Provided data ▸
——————————

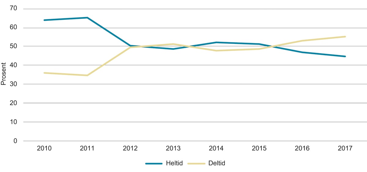 Fafo finner at midlertidige ansettelser, utleie av arbeidskraft og selvstendig næringsdrivende/oppdragstagere utgjør i underkant av tolv prosent av alle sysselsatte, og at andelen var stabil i perioden 2009–2014 (Nergaard, 2016). Bekkelund (2018) diskuterer om fast ansettelse slik vi kjenner det i dag kan bli mindre vanlig, og om koblingen mellom arbeidstager og bedrift vil bli løsere. Da vil bedrifter i større grad hente arbeidskraften de trenger, når de trenger den.
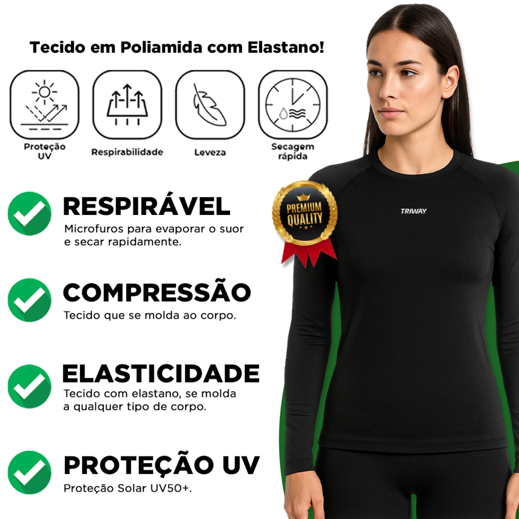 Experimente a Camisa Segunda Pele Triway Sports e sinta o conforto térmico que acompanha seu desempenho em qualquer ambiente.
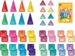 Set da 48 pezzi con quadrati e triangoli, corredato da un libriccino illustrato, compatibile con altri set CONNETIX per progetti senza fine.
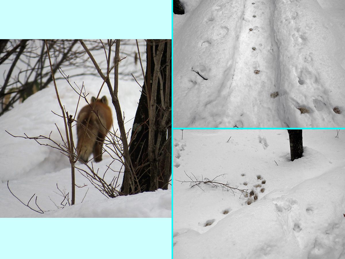 写真6は、遊歩道から分岐してついているキタキツネの足跡です。

——————————

Exercise instructions ▸
Give back exactly the lines from the one that contains "Experimente a Camisa" to the final line of the data above, both included, with all pictures removed.

Solution below ▸
 Experimente a Camisa Segunda Pele Triway Sports e sinta o conforto térmico que acompanha seu desempenho em qualquer ambiente.
 Set da 48 pezzi con quadrati e triangoli, corredato da un libriccino illustrato, compatibile con altri set CONNETIX per progetti senza fine.
 写真6は、遊歩道から分岐してついているキタキツネの足跡です。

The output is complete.